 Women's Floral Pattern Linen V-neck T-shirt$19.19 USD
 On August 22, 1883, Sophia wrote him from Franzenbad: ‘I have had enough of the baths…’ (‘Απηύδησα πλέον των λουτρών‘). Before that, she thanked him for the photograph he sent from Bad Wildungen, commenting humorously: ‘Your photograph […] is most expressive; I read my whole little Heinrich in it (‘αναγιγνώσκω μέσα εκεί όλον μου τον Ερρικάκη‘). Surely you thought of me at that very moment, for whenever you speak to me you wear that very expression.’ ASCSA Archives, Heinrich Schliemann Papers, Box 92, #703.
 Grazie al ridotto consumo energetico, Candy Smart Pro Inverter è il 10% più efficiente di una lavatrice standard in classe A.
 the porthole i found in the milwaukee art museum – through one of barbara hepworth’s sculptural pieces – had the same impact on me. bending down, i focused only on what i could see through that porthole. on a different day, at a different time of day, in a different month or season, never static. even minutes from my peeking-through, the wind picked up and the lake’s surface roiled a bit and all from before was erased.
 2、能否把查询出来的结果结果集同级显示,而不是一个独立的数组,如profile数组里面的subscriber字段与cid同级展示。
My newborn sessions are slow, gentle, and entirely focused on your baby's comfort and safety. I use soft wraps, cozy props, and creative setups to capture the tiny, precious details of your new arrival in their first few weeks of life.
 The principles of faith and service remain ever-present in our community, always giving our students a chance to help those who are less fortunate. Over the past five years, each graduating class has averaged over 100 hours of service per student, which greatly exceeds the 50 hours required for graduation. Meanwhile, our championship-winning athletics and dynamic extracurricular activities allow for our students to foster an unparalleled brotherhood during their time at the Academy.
:::::
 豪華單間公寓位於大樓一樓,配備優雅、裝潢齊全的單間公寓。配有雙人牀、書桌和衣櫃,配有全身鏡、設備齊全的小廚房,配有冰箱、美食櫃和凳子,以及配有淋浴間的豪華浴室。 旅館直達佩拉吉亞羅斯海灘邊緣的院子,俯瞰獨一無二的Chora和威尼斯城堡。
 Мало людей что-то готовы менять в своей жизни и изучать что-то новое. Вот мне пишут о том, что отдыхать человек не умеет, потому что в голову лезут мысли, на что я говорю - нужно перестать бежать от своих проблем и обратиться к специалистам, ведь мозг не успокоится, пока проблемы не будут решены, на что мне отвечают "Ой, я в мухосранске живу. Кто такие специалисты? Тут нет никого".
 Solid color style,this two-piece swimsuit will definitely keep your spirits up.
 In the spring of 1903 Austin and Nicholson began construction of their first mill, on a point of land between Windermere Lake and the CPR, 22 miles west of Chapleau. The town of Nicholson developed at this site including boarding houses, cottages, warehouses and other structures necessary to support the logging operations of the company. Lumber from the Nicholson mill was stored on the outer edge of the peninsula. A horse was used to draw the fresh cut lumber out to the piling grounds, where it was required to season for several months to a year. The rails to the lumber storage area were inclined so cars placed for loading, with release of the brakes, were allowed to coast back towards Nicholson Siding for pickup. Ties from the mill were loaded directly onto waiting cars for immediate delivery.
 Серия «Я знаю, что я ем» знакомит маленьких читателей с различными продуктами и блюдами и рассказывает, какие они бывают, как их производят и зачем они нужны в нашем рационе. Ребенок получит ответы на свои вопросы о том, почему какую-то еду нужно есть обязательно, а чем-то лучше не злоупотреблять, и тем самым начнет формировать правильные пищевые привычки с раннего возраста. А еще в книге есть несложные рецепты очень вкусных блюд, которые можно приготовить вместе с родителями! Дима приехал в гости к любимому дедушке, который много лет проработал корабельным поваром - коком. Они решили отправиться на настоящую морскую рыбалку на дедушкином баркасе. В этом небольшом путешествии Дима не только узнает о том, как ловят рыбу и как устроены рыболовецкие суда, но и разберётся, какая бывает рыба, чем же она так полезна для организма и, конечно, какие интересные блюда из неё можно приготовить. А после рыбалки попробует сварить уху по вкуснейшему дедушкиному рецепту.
:::::
Work instruction
The answer consists of every line above in which the word "that" occurs.

Output below
 On August 22, 1883, Sophia wrote him from Franzenbad: ‘I have had enough of the baths…’ (‘Απηύδησα πλέον των λουτρών‘). Before that, she thanked him for the photograph he sent from Bad Wildungen, commenting humorously: ‘Your photograph […] is most expressive; I read my whole little Heinrich in it (‘αναγιγνώσκω μέσα εκεί όλον μου τον Ερρικάκη‘). Surely you thought of me at that very moment, for whenever you speak to me you wear that very expression.’ ASCSA Archives, Heinrich Schliemann Papers, Box 92, #703.
 the porthole i found in the milwaukee art museum – through one of barbara hepworth’s sculptural pieces – had the same impact on me. bending down, i focused only on what i could see through that porthole. on a different day, at a different time of day, in a different month or season, never static. even minutes from my peeking-through, the wind picked up and the lake’s surface roiled a bit and all from before was erased.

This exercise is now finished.